When a flash flood hits the sewage collection system in conjunction
with, for example, a summer thunderstorm, runoff pours into
street’s storm sewers. This can cause the entire system to
flood, with unprocessed shit discharged directly into the
river. It is in this way that I have made unplanned contributions
to the Hudson’s feculence as have many unsuspecting Metroland
readers.
The Capital District Regional Planning Commission wants to
conduct a three-year study to find ways to prevent your shitting
in the river. While separating street runoff from the rest
of the sewage system would provide one costly option to cut
down on the untreated excreta flowing down river, the magnitude
of this environmental problem should warrant some reasonable
foresight. With a growing population, it should be expected
that the ability to waste good water to float our shit around
town will be seriously reduced while the amount of shit produced
will inevitably rise.

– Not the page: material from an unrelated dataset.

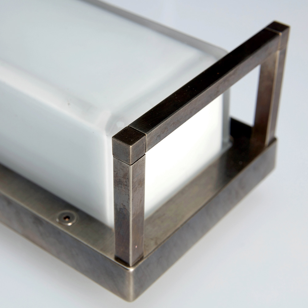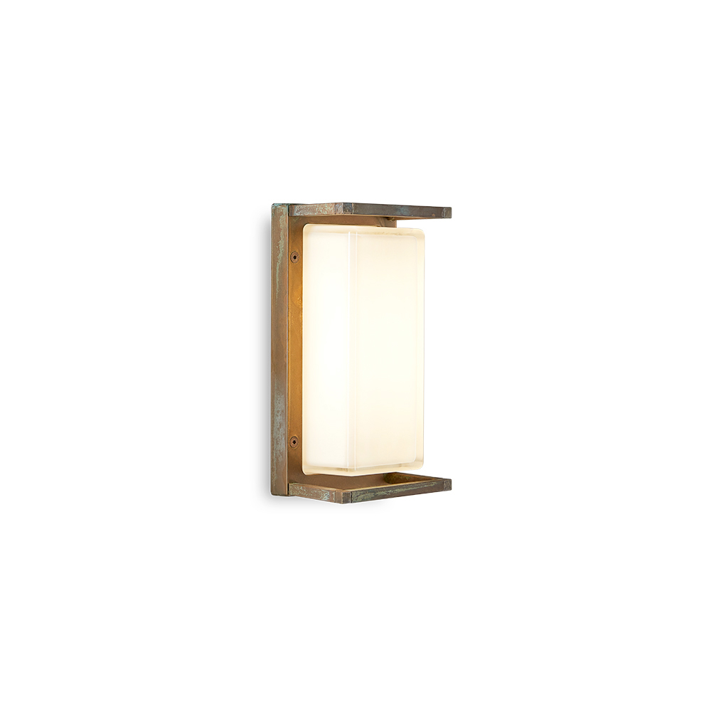 E thjeshtë dhe elegante, kjo dritë muri e punuar me dorë është një zgjidhje e rafinuar ndriçimi, e projektuar për të përmirësuar muret moderne dhe hapësirat bashkëkohore. Struktura prej bronzi e derdhur , e kombinuar me një difuzor drejtkëndor prej qelqi opal , krijon një dritë të butë dhe të njëtrajtshme, ideale për ndriçim mikpritës dhe funksional.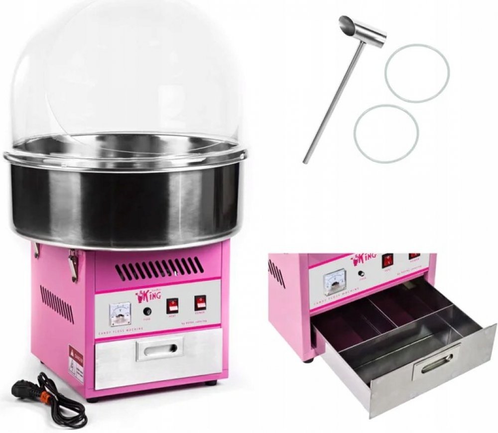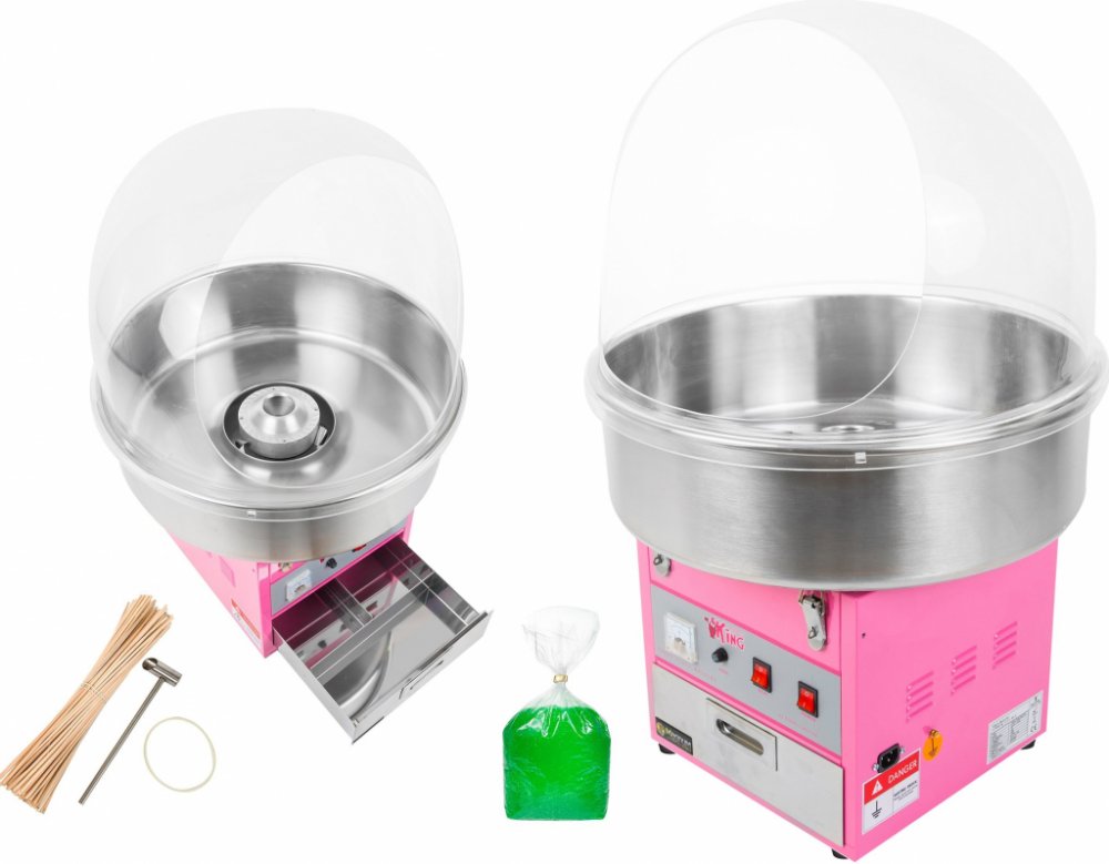Stroj na cukrovou vatu v sadě s LED svítícími tyčinkami - 52 cm - 1 200 W - ochranný kryt - 50 ks Koupí stroje na cukrovou vatu v sadě RCZK-1200E SET1 získáte vše, co je potřeba k bezpečné a zároveň efektní výrobě a prodeji cukrové vaty. Stroj na cukrovou vatu výrobce Royal Catering je ideálním pomocníkem na festivalech, poutích, v zábavních parcích, v kině, na pouličních slavnostech a mnoha dalších místech. Je navržen pro profesionální použití a patří k vysoce kvalitnímu gastronomickému vybavení. S naším strojem na výrobu cukrové vaty máte řadu možností, jak svou cukrovou vatu můžete obměňovat a přizpůsobit přáním zákazníků. V sadě se nachází také praktický kryt, který slouží jako ochrana před bakteriemi, cizími tělesy a nečistotami. Dále obdržíte 50 LED svítících tyčinek (včetně potřebných baterií), které mají sedm barevných režimů a jsou vyrobeny z plastu vhodného pro použití s potravinami. výkonné topné těleso o 1 200 W – jedna porce za 30 až 60 sekund samostatné ovládání termostatu a otáček je možné použít potravinářská barviva pro nápadité kreace včetně odměrky a ochranného krytu, který chrání cukrovou vatu před bakteriemi, cizími tělesy a nečistotami 50 LED svítících tyčinek pro velkolepé efekty

With all the growing concerns we have
about the quality of the foods we eat, shouldn’t we show at
least a little concern for the quality of the shit we leave
behind?
Perhaps what is needed first is to try to adopt a different
view of our shit. In The Humanure Handbook (free downloadable
copies at www.weblife.org/ humanure), Joe Jenkins provides
another important perspective on dealing with our dung. He
examines it as a potential resource for composting and applying
to soil building. He reviews the research on how humanure
can be safely used in domestic agriculture. He suggests that
as a culture we need to become less fecophobic (shit fearing).
Perhaps instead of relying on massive engineering and construction
projects that will provide only high-cost short-term solutions,
we need to focus on simpler approaches that better integrate
our shit into the environment over the long run.
I don’t want to shit in the river anymore, how about you?